EXERCISE GOAL
Leave out all pictures while you copy the lines exactly from the one with "Montage op penant" through the last line of the listing.

GIVEN MATERIAL
- - -

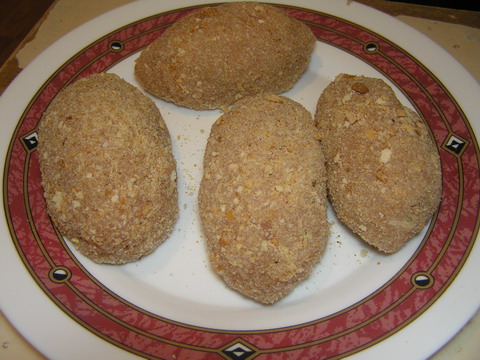 Из куриного фарша я иногда делаю такие котлеты. Получаются типа котлет по-киевски, но из рубленного мяса.
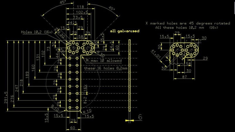 Montage op penant of muur: 6x per motor : gaten boren rond12mm vullen met soudal chemisch anker en draadeindes m10 indrukken. (geen pluggen of keilbouten gebruiken, deze gaan na verloop van tijd los zitten.)
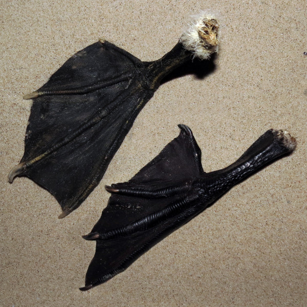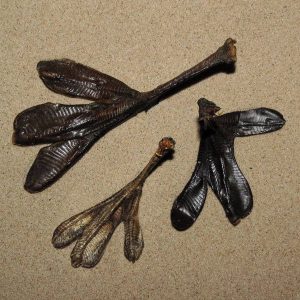 4 lange Zehen, 3 Schwimmhäute

- - -

ANSWER BELOW
 Montage op penant of muur: 6x per motor : gaten boren rond12mm vullen met soudal chemisch anker en draadeindes m10 indrukken. (geen pluggen of keilbouten gebruiken, deze gaan na verloop van tijd los zitten.)
 4 lange Zehen, 3 Schwimmhäute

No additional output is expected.